The Holy Spirit gives us everything we need. You have access to God’s love, courage, strength, joy, discernment (and the list goes on…) inside you, accessible at all times. So why do you think we still want to sit beside the road, bury our head in our hands and quit when we encounter struggles? Perhaps...
...Even when we know God provides all we need through him, we try to rely on our own strength and courage instead of tapping into his.
...We wait to tap into his strength and courage only when we’re completely exhausted. We try to hand him the baton, expecting him to run the rest of the way for us, not with us.
...We rely on the Holy Spirit to guide, equip, and encourage us so infrequently that we’re not sure how to listen and rely on him.

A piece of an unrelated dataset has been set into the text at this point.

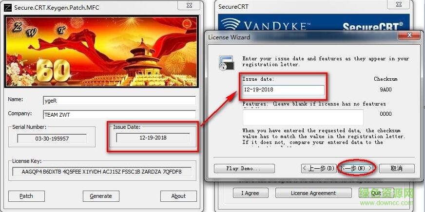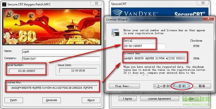 9.再将注册机中的Serialmumber和License key复制到软件对应框中去,继续“下一步”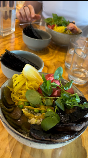 I was drawn to try this place by the almost 'across the board' 5 star reviews. After my experience today, they deserve every star. From the welcome by the waitress, through the superbly poured coffee, to the delicious and expertly plated food, I can only agree. We both had the Yam. One with chicken, one with house cured salmon. My wife's comment, "This is the tastiest lunch I've had for a long time!" was spot on. The house cured salmon is undoubtedly the best I've had, with a distinct gravalax flavour. The Nam bowl contents could border on being a touch on the " too much pickle" had it not been for the splendid whole portobello mushroom and the exquisite rice tuille, which added a tasty crunch. The crunch of the sparingly added popped black rice was a master-stroke.

...We’re human. I don’t want this to become a crutch we rely on, but we have to admit, we’re going to struggle with our past baggage, current struggles, and future apprehensions. The key is whether we try to manage it all or rely on God to equip us to persevere and endure.

When we have problems and trials, we can develop endurance. (We can also sit and mope and whine and become self-focused.) Endurance develops character. Character develops our hope in salvation. And yet it's our hope in salvation, our relationship with Jesus, our acceptance and understanding of God’s character, that helps us deal with our problems and trials in the first place.

You'll have problems and trials this year, my friend. I guarantee it. Be determined in how you'll respond. It could be the best year yet!